=== What the exercise asks ===
Would you copy the listing below exactly, keeping the pictures out?

=== Information provided ===
*** Block opens ***

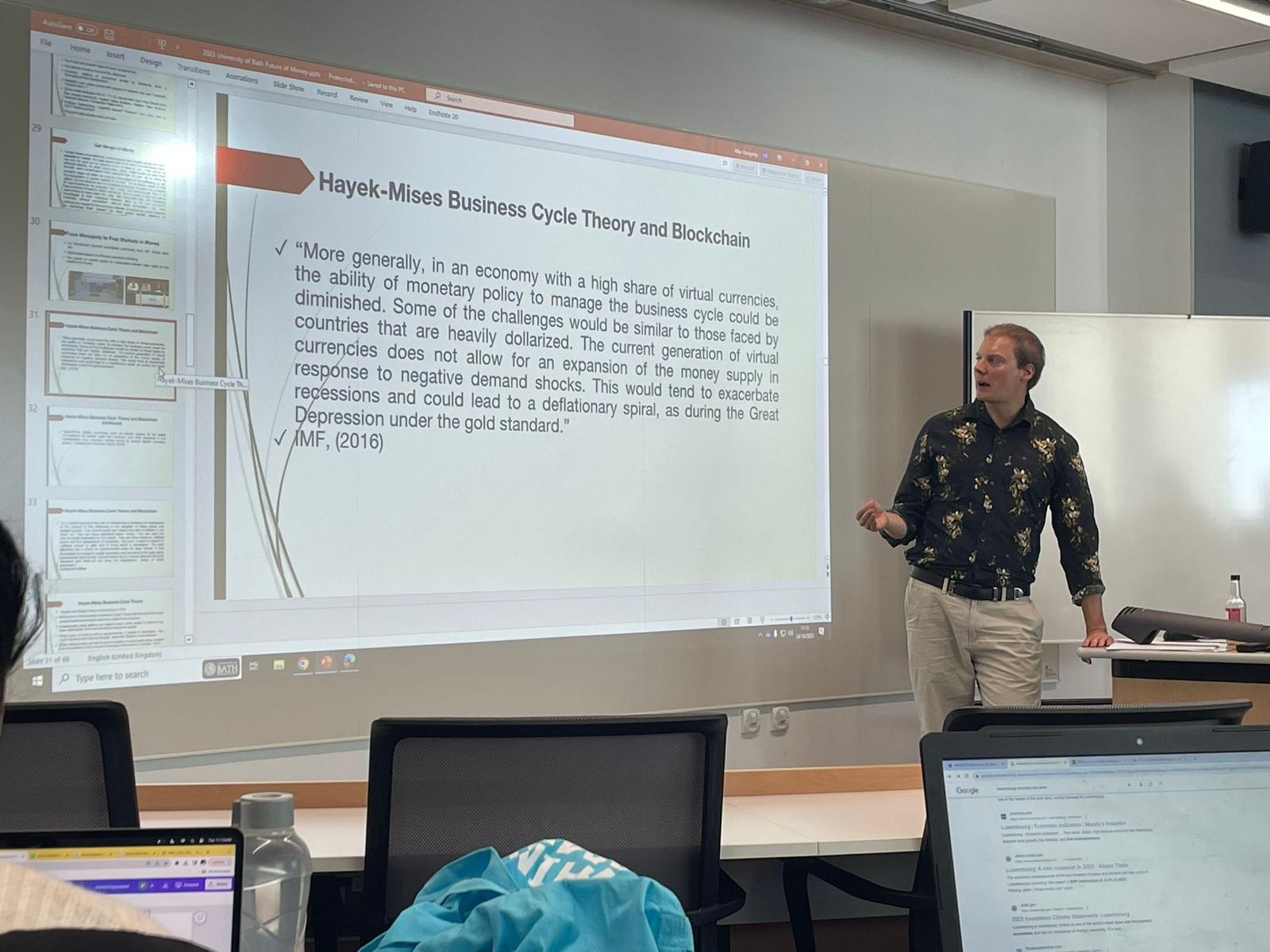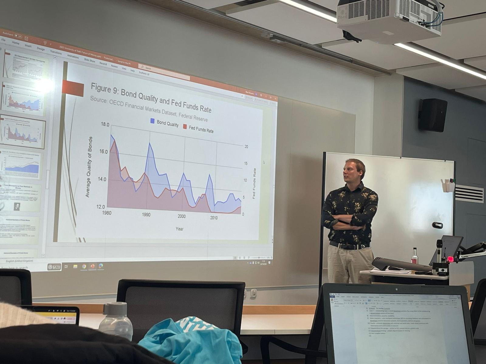 The photos shown are from lectures given to MBA students at the University of Bath, where Max has lectured for the last three years. Bath was the Times University of the Year last year and has one of the top-ranked business schools in the UK.
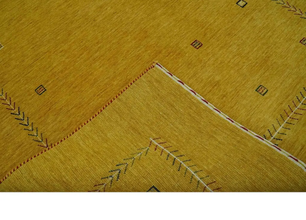 Custom Made Mustard Modern Tribal Design Wool Area Rug - 3X12
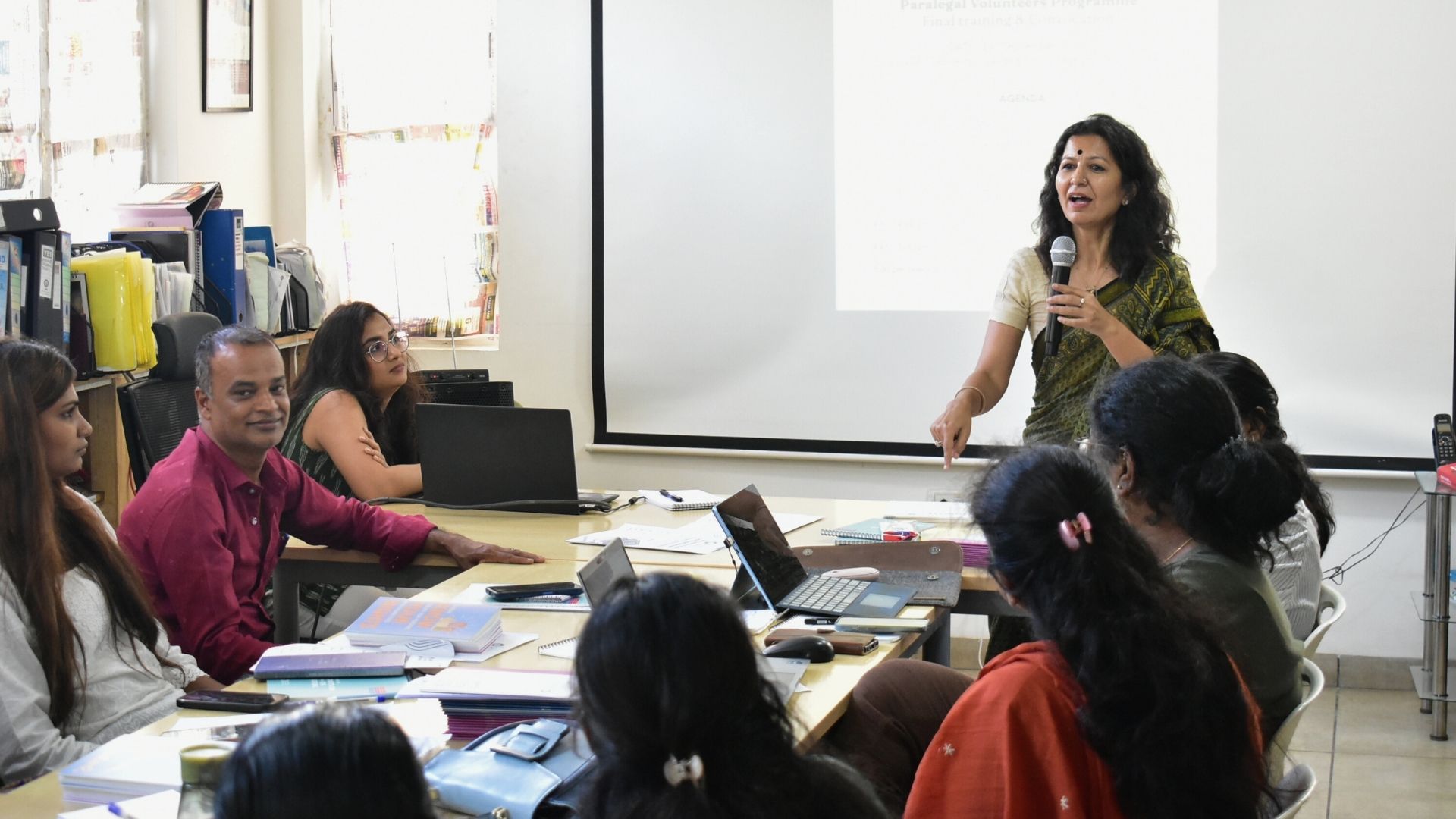 Ms. Kothari led an interactive training session on the rights of transgender persons in India, particularly under the Transgender Persons Rights Act, 2019. She began by asking the PLVs if they had dealt with issues regarding the rights of transgender people in the course of their work, observing the importance of PLVs familiarising themselves with this issue. She then proceeded to elaborate on the rights of transgender persons as per the Supreme Court judgment in NALSA v Union of India (2014) emphasising the right to self-identify gender. The Transgender Persons Act, 2019 which followed recognizes the rights of transgender persons to not be discriminated, in addition to providing the facilities for legally changing gender.

*** Block closes ***

=== Result of the task ===
 The photos shown are from lectures given to MBA students at the University of Bath, where Max has lectured for the last three years. Bath was the Times University of the Year last year and has one of the top-ranked business schools in the UK.
 Custom Made Mustard Modern Tribal Design Wool Area Rug - 3X12
 Ms. Kothari led an interactive training session on the rights of transgender persons in India, particularly under the Transgender Persons Rights Act, 2019. She began by asking the PLVs if they had dealt with issues regarding the rights of transgender people in the course of their work, observing the importance of PLVs familiarising themselves with this issue. She then proceeded to elaborate on the rights of transgender persons as per the Supreme Court judgment in NALSA v Union of India (2014) emphasising the right to self-identify gender. The Transgender Persons Act, 2019 which followed recognizes the rights of transgender persons to not be discriminated, in addition to providing the facilities for legally changing gender.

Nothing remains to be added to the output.